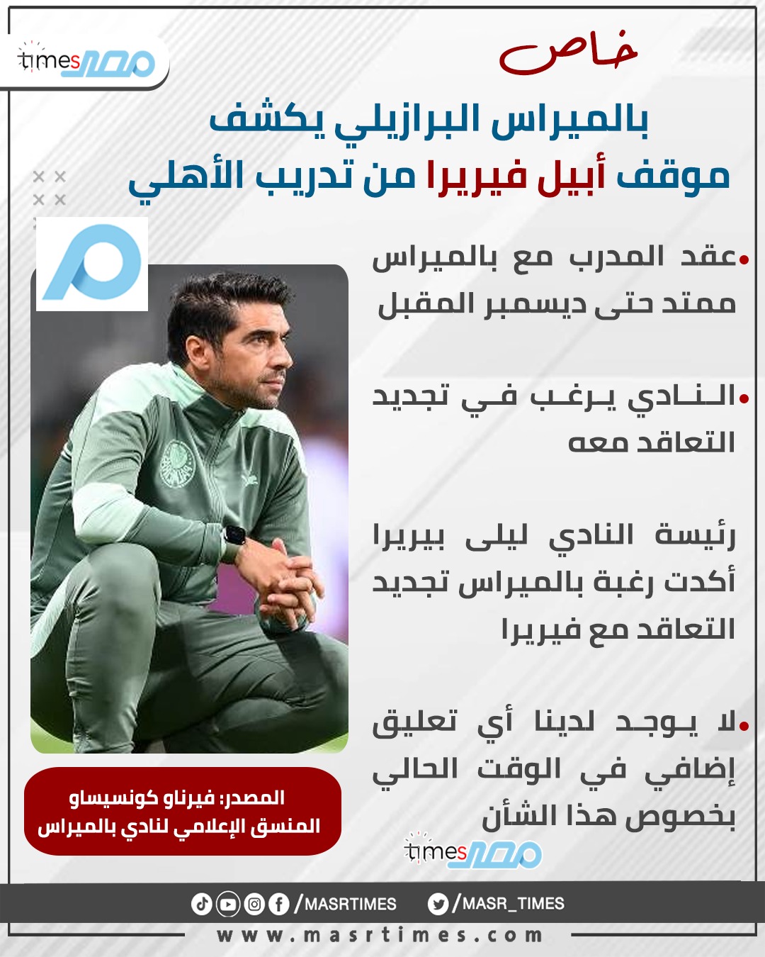 وقال كونسيساو في تصريحات خاصة لـ"مصر تايمز":"عقد أبيل فيريرا مع بالميراس ممتد حتى ديسمبر المقبل، والنادي يرغب في تجديد التعاقد، وهو ما أكدته رئيسة النادي ليلى بيريرا سابقًا. لا يوجد لدينا أي تعليق إضافي في الوقت الحالي."
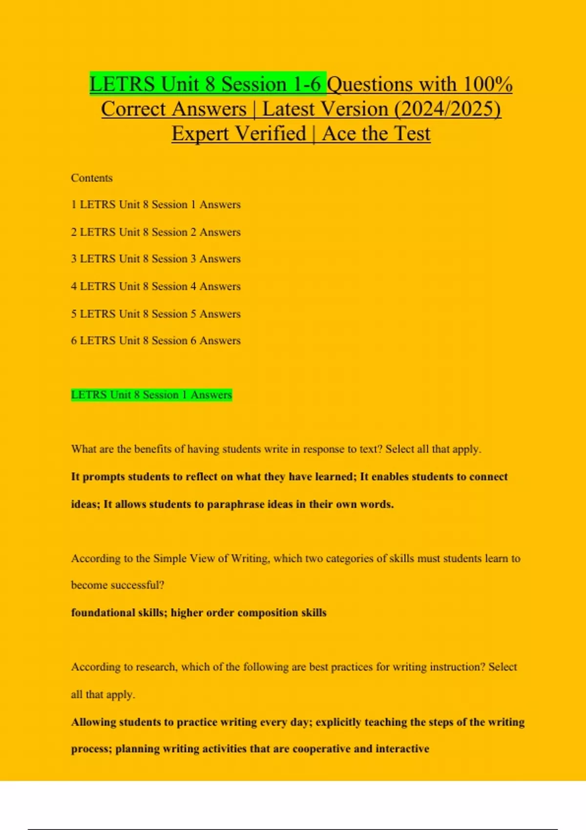 LETRS Unit 8 Session 1-6 Questions with 100% Correct Answers | Latest Version (2024/2025) Expert Verified | Ace the Test
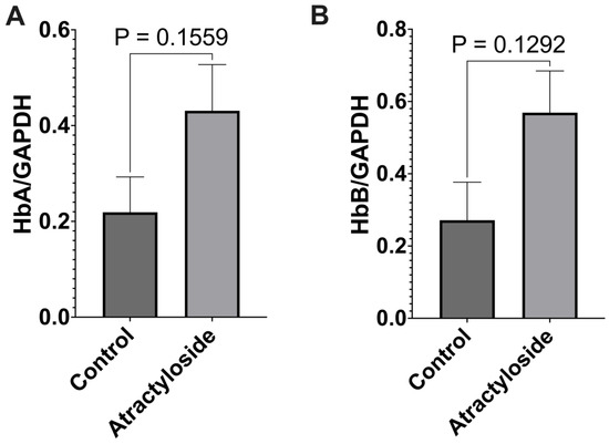 Atractyloside-treated HEPG2 cells show a trend toward increased expression of mitochondrial haemoglobin. (A) Relative expression of haemoglobin α in mitochondria isolated from atractyloside-treated HEPG2 cells. (B) Relative expression of haemoglobin β in mitochondria isolated from atractyloside-treated HEPG2 cells. Data are presented as mean with SEM, N = 3, student’s unpaired t-test.
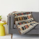 Earthy geometric pattern blanket inspired by tribal mudcloth textiles, featuring hand-painted rectangles, diamonds, and triangles in charcoal black and terracotta on a textured beige background. A warm boho design ideal for rustic décor lovers, artisan style fans, and anyone drawn to earthy geometric aesthetics.
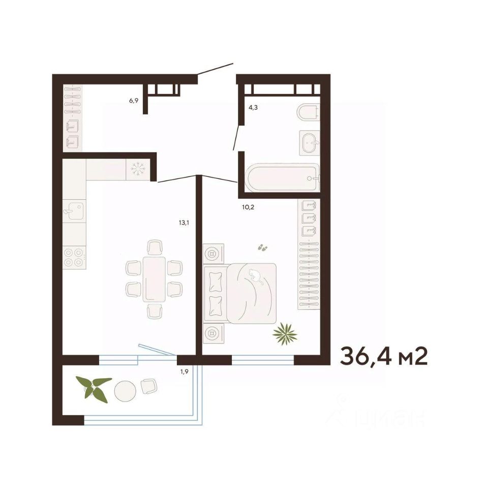36,4 м²
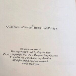 Vintage Hardcover No Roses for Harry! Written by Gene Zion. Copyright 1958. Cover has some wear and marks. Inside is in excellent condition. Feel free to ask questions.
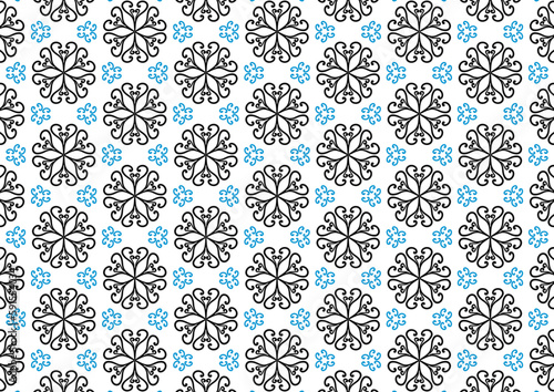 Black and blue drawing line of flower repeated pattern on white background, design for fabric printing
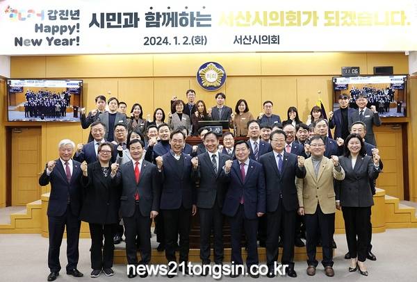 서산시의회(의장 김맹호)가 2일 서산시의회 본회의장에서 ‘2024년 서산 시의회 시무식’을 갖고 올해 본격적인 업무에 들어갔다.
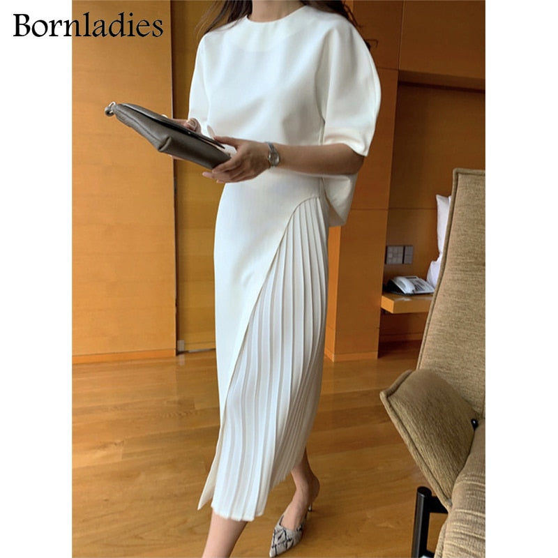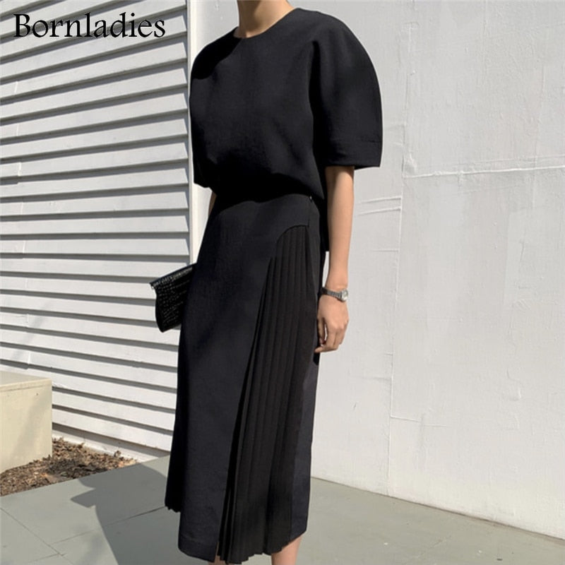 Bornladies Skirt Suits Women Summer Two Piece Set Short Sleeve O-neck T Shirt + High Waist Long Pleated Skirt 2 Piece Outfits
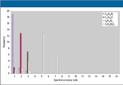 圖3. 報告的質量準確度、單同位素峰離子強度和已知m/z 162 Da的真實質量數(shù) 正象文獻[6]報道,當質量準確度作為分子式識別的重要工具時,通常只識別給定同位素離子的單一同位素峰,由于這個原因,即使具有1-2 ppm質量精度的高分辨質譜,在測量的很小質量誤差內,也有很多待選分子式的單一同位素質量落在這個范圍內。譜圖準確度,一個獨立計量工具,可以計量測定譜圖與計算的理論譜圖匹配程度,它包含給定離子更多的同位素分布精細結構信息,是比質量準確度更重要的信息。另外,由于代表質譜儀器線形譜圖的譜圖準確度不容易受質譜波動影響,所以譜圖準確度相對質量準確度是更可靠的分子識別工具。 162 Da的未知離子,質量誤差超過50 ppm(表I和圖3)提供了很好的例子,說明譜圖準確度相對質量準確度的相對重要性和可靠性。以162 Da離子為未知物,在通常元素C、H、N、O、F和Cl范圍內進行元素組成搜索,全部22次質譜測量利用軟件對這個離子進行處理測定它們的分子式,根據譜圖準確度排名,分子式C10H14N2排名位有19次,兩次排在第二位,一次排在第三位(圖4),這個分子式后來證明是正確的分子式(煙堿),排名第二和三的測量均為樣品濃度較低的情況下得到。
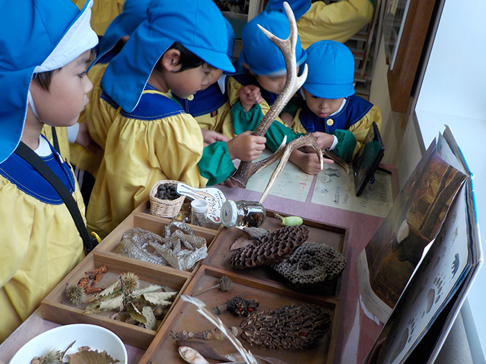 ビジターセンターでは、御岳の自然について教えてもらいました。 鹿の角にはみんなびっくりしていました。
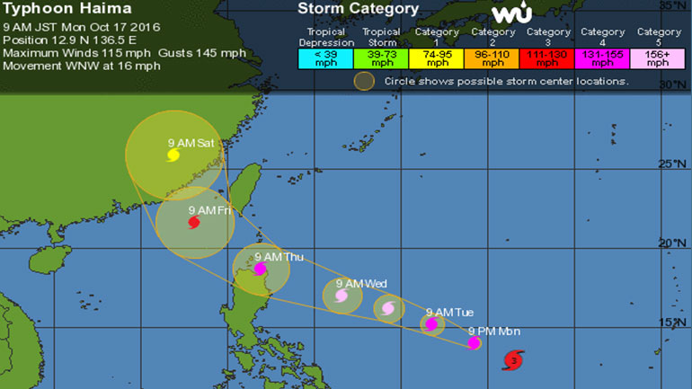 Στο μεταξύ στο Δυτικό Ειρηνικό αναπτύσσεται και ο τυφώνας Haima που αναμένεται να ενισχυθεί σύμφωνα με την πενθήμερη πρόβλεψη της «Weather Underground», σε ένα πολύ ισχυρό τυφώνα (μπορεί να γίνει ισχυρότερος απ’ ότι ο Σαρίκα). Είναι εξαιρετικά πιθανό όπως αναφέρουν οι μετεωρολόγοι ο Haima να μετατραπεί σε σούπερ τυφώνα από την Τρίτη και αναμένεται να αποτελέσει απειλή για τη Λουζόν (νησί των Φιλιππίνων, στο βορειότερο άκρο του αρχιπελάγους).

**EXERCISE DETAILS:** The final stretch of the data, from the line with "Bornladies Skirt Suits" through its last line, is to be retyped exactly; pictures are not part of the copy.

**ANSWER FOR THE TASK:**
 Bornladies Skirt Suits Women Summer Two Piece Set Short Sleeve O-neck T Shirt + High Waist Long Pleated Skirt 2 Piece Outfits
 圖3. 報告的質量準確度、單同位素峰離子強度和已知m/z 162 Da的真實質量數(shù) 正象文獻[6]報道,當質量準確度作為分子式識別的重要工具時,通常只識別給定同位素離子的單一同位素峰,由于這個原因,即使具有1-2 ppm質量精度的高分辨質譜,在測量的很小質量誤差內,也有很多待選分子式的單一同位素質量落在這個范圍內。譜圖準確度,一個獨立計量工具,可以計量測定譜圖與計算的理論譜圖匹配程度,它包含給定離子更多的同位素分布精細結構信息,是比質量準確度更重要的信息。另外,由于代表質譜儀器線形譜圖的譜圖準確度不容易受質譜波動影響,所以譜圖準確度相對質量準確度是更可靠的分子識別工具。 162 Da的未知離子,質量誤差超過50 ppm(表I和圖3)提供了很好的例子,說明譜圖準確度相對質量準確度的相對重要性和可靠性。以162 Da離子為未知物,在通常元素C、H、N、O、F和Cl范圍內進行元素組成搜索,全部22次質譜測量利用軟件對這個離子進行處理測定它們的分子式,根據譜圖準確度排名,分子式C10H14N2排名位有19次,兩次排在第二位,一次排在第三位(圖4),這個分子式后來證明是正確的分子式(煙堿),排名第二和三的測量均為樣品濃度較低的情況下得到。
 ビジターセンターでは、御岳の自然について教えてもらいました。 鹿の角にはみんなびっくりしていました。
 Στο μεταξύ στο Δυτικό Ειρηνικό αναπτύσσεται και ο τυφώνας Haima που αναμένεται να ενισχυθεί σύμφωνα με την πενθήμερη πρόβλεψη της «Weather Underground», σε ένα πολύ ισχυρό τυφώνα (μπορεί να γίνει ισχυρότερος απ’ ότι ο Σαρίκα). Είναι εξαιρετικά πιθανό όπως αναφέρουν οι μετεωρολόγοι ο Haima να μετατραπεί σε σούπερ τυφώνα από την Τρίτη και αναμένεται να αποτελέσει απειλή για τη Λουζόν (νησί των Φιλιππίνων, στο βορειότερο άκρο του αρχιπελάγους).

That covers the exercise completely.